Exercise goal: Could you output each line below precisely as it stands, without the images?

Supplied data:
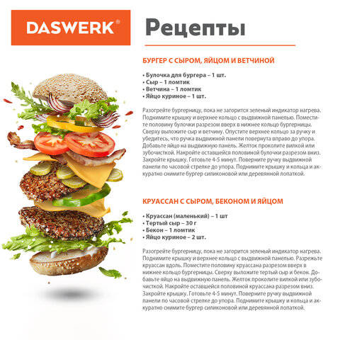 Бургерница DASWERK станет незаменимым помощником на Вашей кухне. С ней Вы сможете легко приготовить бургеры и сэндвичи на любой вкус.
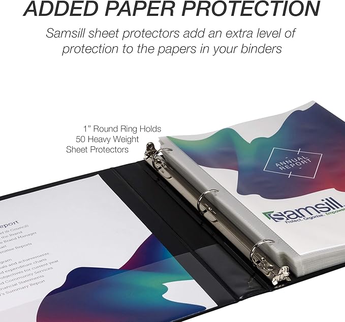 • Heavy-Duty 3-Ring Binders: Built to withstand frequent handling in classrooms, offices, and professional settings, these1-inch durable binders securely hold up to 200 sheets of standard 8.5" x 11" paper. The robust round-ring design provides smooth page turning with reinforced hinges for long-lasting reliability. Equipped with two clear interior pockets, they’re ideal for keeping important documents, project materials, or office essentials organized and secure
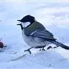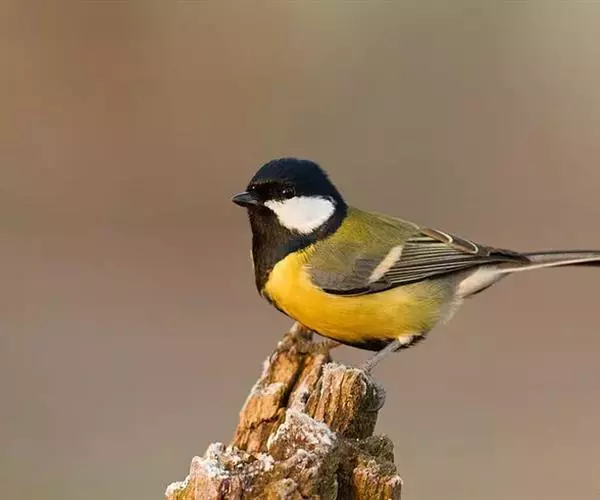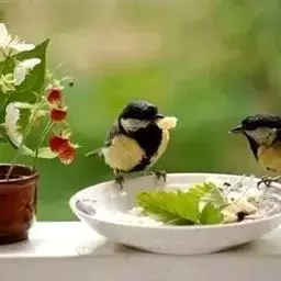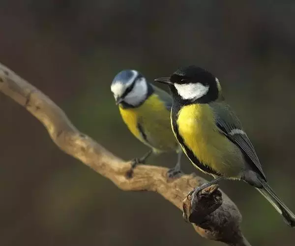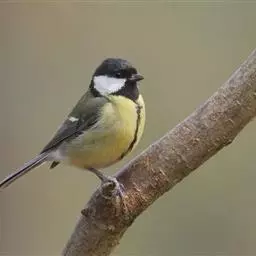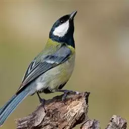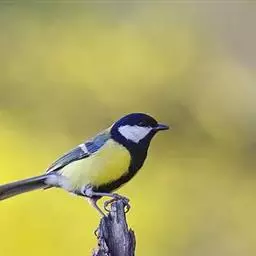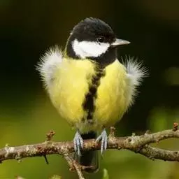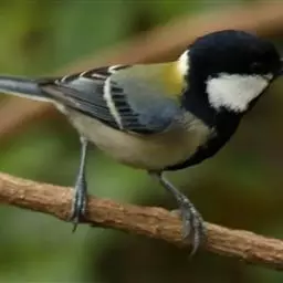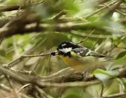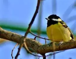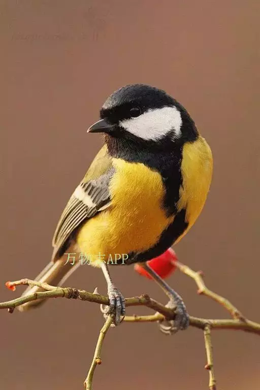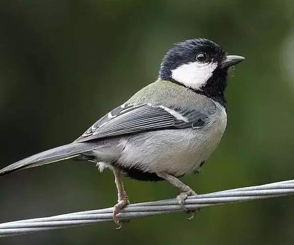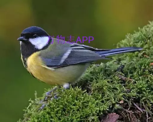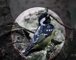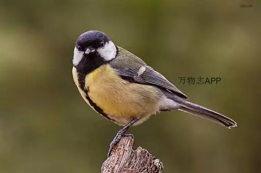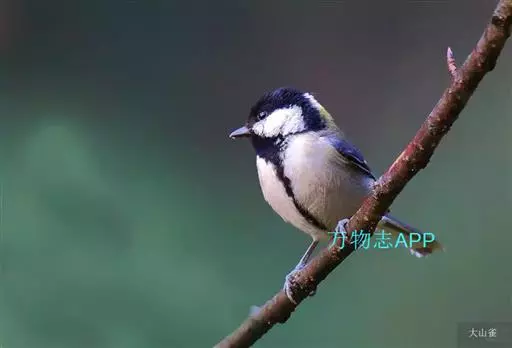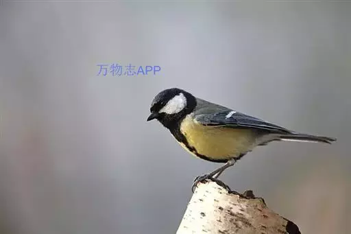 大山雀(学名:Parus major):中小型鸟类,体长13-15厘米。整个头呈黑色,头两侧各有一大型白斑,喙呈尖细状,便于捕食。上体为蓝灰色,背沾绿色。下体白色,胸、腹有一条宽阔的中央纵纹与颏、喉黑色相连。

Answer space:
 Бургерница DASWERK станет незаменимым помощником на Вашей кухне. С ней Вы сможете легко приготовить бургеры и сэндвичи на любой вкус.
 • Heavy-Duty 3-Ring Binders: Built to withstand frequent handling in classrooms, offices, and professional settings, these1-inch durable binders securely hold up to 200 sheets of standard 8.5" x 11" paper. The robust round-ring design provides smooth page turning with reinforced hinges for long-lasting reliability. Equipped with two clear interior pockets, they’re ideal for keeping important documents, project materials, or office essentials organized and secure
 大山雀(学名:Parus major):中小型鸟类,体长13-15厘米。整个头呈黑色,头两侧各有一大型白斑,喙呈尖细状,便于捕食。上体为蓝灰色,背沾绿色。下体白色,胸、腹有一条宽阔的中央纵纹与颏、喉黑色相连。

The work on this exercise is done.